Assignment.
Leave out the pictures and repeat the entries below verbatim.

(Dataset excerpts)
·····

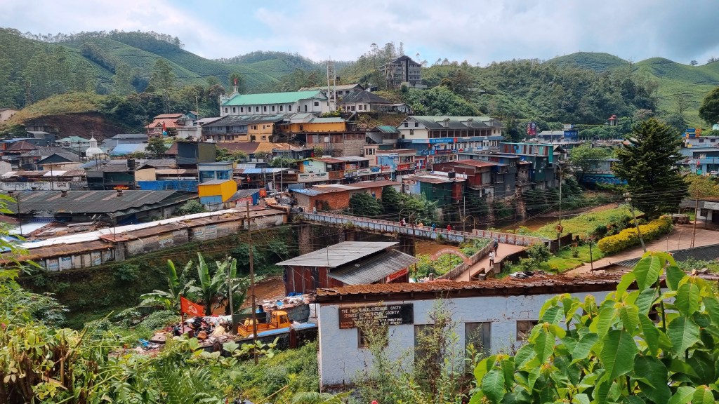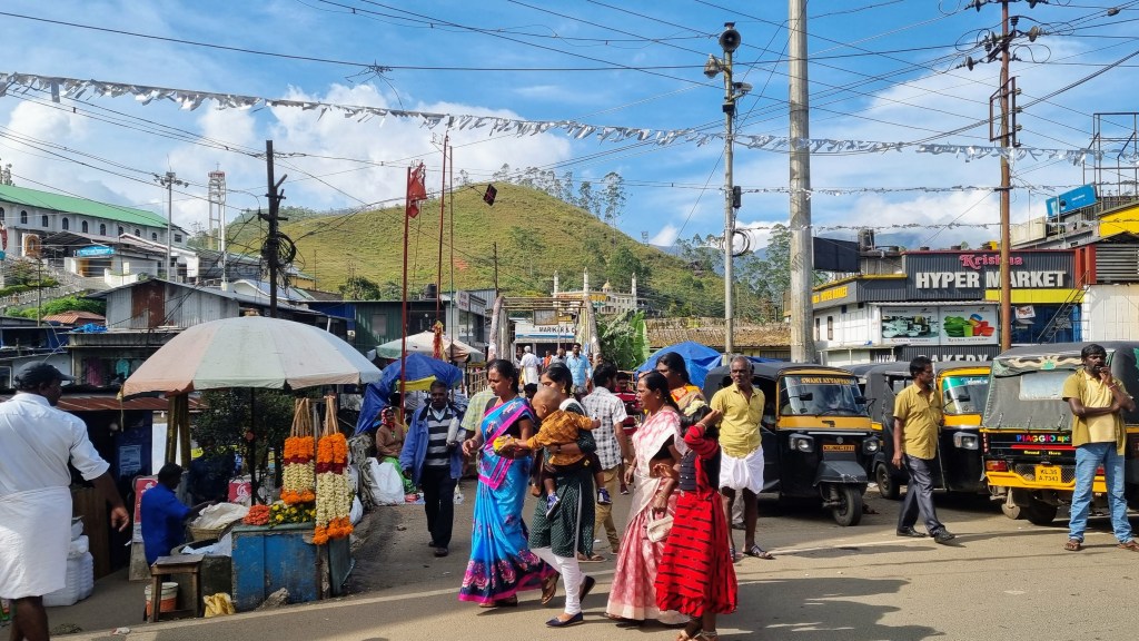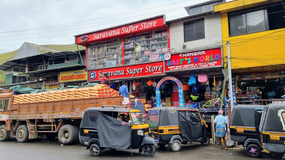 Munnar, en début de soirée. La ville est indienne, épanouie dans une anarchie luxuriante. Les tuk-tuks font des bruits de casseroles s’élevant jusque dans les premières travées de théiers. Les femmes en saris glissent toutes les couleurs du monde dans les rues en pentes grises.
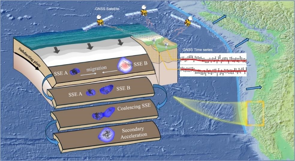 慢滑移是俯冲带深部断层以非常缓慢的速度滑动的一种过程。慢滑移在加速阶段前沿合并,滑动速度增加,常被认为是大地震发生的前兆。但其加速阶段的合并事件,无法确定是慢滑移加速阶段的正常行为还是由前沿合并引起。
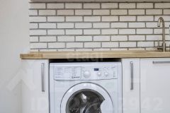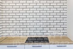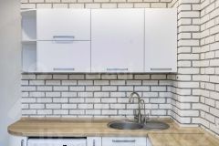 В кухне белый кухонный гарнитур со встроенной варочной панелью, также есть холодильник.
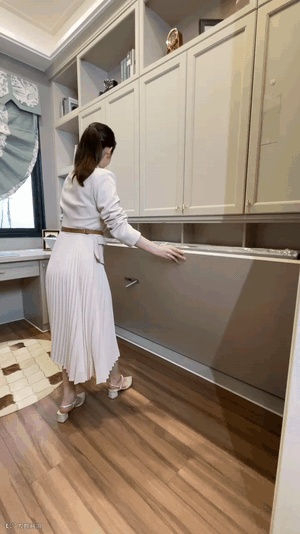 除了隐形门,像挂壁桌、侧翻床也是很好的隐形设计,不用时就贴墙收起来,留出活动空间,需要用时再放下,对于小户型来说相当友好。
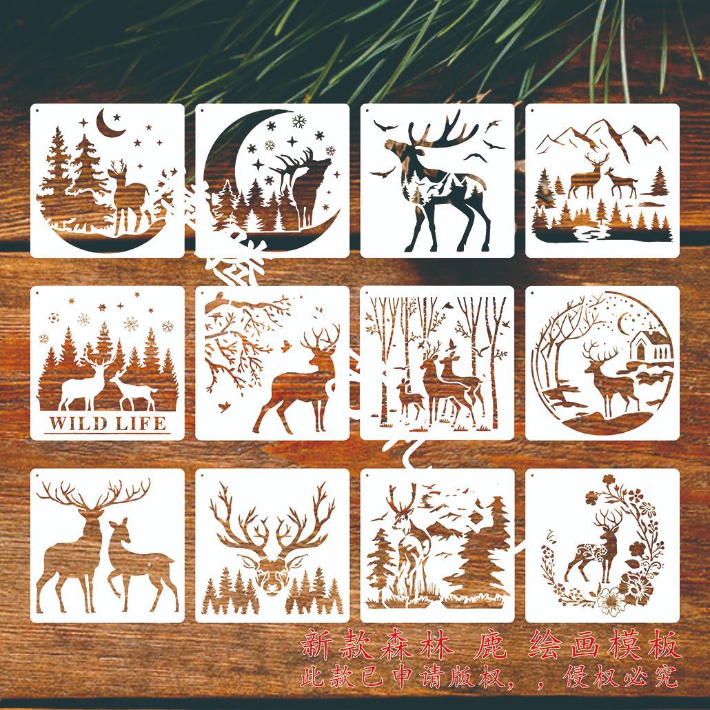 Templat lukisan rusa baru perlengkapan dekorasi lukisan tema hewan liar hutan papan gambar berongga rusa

·····

Response to the exercise.
 Munnar, en début de soirée. La ville est indienne, épanouie dans une anarchie luxuriante. Les tuk-tuks font des bruits de casseroles s’élevant jusque dans les premières travées de théiers. Les femmes en saris glissent toutes les couleurs du monde dans les rues en pentes grises.
 慢滑移是俯冲带深部断层以非常缓慢的速度滑动的一种过程。慢滑移在加速阶段前沿合并,滑动速度增加,常被认为是大地震发生的前兆。但其加速阶段的合并事件,无法确定是慢滑移加速阶段的正常行为还是由前沿合并引起。
 В кухне белый кухонный гарнитур со встроенной варочной панелью, также есть холодильник.
 除了隐形门,像挂壁桌、侧翻床也是很好的隐形设计,不用时就贴墙收起来,留出活动空间,需要用时再放下,对于小户型来说相当友好。
 Templat lukisan rusa baru perlengkapan dekorasi lukisan tema hewan liar hutan papan gambar berongga rusa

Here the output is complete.